Creating safe havens for trafficked children in the U.S. and increasing legal enforcement against child sex tourism in Canada should be two of the highest priorities for anti-trafficking policies in North America, according to a report published jointly by Canadian and U.S. nongovernmental organizations (NGOs) this month.
The urgency of changes laws and improving policies is underlined by the recent conviction of two Quebec aid workers convicted in Canada of sexually exploiting boys in Haiti.
The report documents the findings of a meeting held in Washington, DC in preparation for the World Congress III Against Sexual Exploitation of Children and Adolescents, taking place in Brazil in late November. The World Congress III follows two prior congresses in calling the world’s governments to account for their actions to protect children from sexual exploitation. The World Congress III is hosted by the government of Brazil and sponsored by ECPAT International, UNICEF, and the NGO Group on the Convention on the Rights of the Child, a Geneva-based consortium of NGOs. The meeting, hosted by Shared Hope International and co-sponsored by ECPAT-USA and Beyond Borders, brought together 60 top experts and government representatives from both countries to strategize the most impactful steps in combating the growing problem of child trafficking in both countries.
The report mentions many of the important steps that have already been taken in Canada and the U.S. – notably the passage of strong laws in both countries, and also reviews the gaps that must be filled. “One of the major gaps in Canada highlighted in this report is our very weak and ineffective sex offender registry”, says Rosalind Prober, President of Beyond Borders. “If we are serious about child protection, this registry needs an immediate upgrade.”
The Canadian federal law that makes sexually exploiting a child in another country a crime punishable in Canada is not adequately enforced. “In Canada, the lack of legal action against child sex tourism is the most glaring law enforcement gap,” states the report. “While child trafficking is beginning to be recognized in Canada with several recent prosecutions, there remains significant room for further enforcement action against traffickers and commercial child sex abusers.” According to Benjamin Perrin, Assistant Professor at the University of British Columbia, “Canada has convicted just one of its child sex tourists despite promising to crack down on them in 1996 at the First World Congress Against Sexual Exploitation of Children.”

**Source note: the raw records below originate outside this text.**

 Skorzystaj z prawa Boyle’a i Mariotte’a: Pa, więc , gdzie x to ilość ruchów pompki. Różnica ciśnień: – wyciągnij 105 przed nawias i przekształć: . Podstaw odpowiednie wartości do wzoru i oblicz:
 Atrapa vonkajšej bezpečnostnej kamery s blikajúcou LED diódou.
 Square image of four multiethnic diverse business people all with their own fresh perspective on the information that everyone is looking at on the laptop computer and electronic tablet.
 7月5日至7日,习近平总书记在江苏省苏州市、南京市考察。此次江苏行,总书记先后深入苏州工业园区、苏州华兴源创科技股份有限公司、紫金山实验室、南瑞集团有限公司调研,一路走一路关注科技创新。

In the U.S. commercially sexually exploited children are too often arrested instead of offered assistance and protection, because there are so few shelters equipped to care for their special needs. “Police officers are really in a bind in most cities. Girls as young as 12 years old are rescued from their pimps, but there are so few places to bring them. They end up in jail, with a criminal record. This has to stop,” says Carol Smolenski, Executive Director of ECPAT-USA.

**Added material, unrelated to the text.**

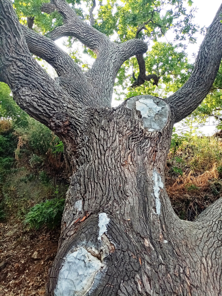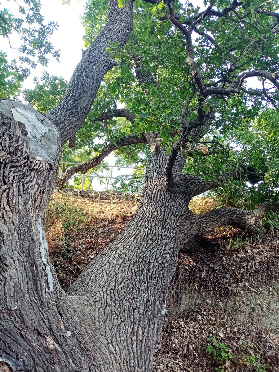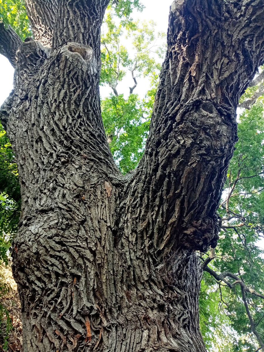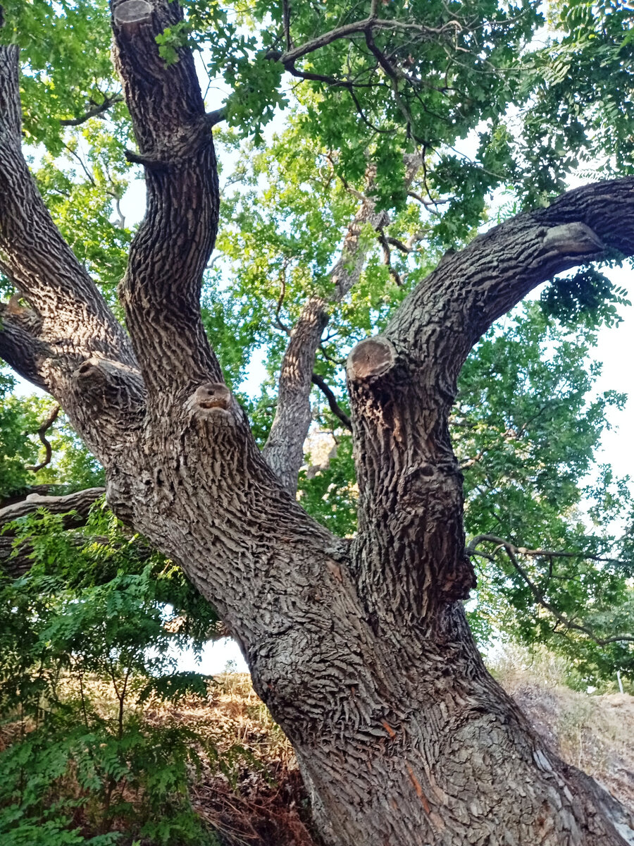 Но нам вперед, к дубам! Пешком по заброшенной территории. С Божье помощью, полученной в монастыре, нога моя идёт и идёт неплохо! И, наконец, мы у цели! Дуб-патриарх. Это дерево - настоящий исполин, ствол в обхвате - около 6 метров, высота - 18 метров. С 1993 по 2006 год дуб-патриарх являлся ботаническим памятником природы регионального значения, а с 2006 года — местного значения, а 3 сентября 2015 года состоялась торжественная церемония присвоения Дубу-патриарху статуса памятника живой природы федерального значения.

“It is a tragedy when a child is prostituted in America and goes to jail for the crime that is committed against her, while her trafficker and her buyer face little to no punishment,” said Shared Hope International President and Founder Linda Smith. Other recommendations that emerged from the meeting include: creating a national plan of action in the United States, developing Child Advocacy Centers in Canada and focusing on prevention in both countries.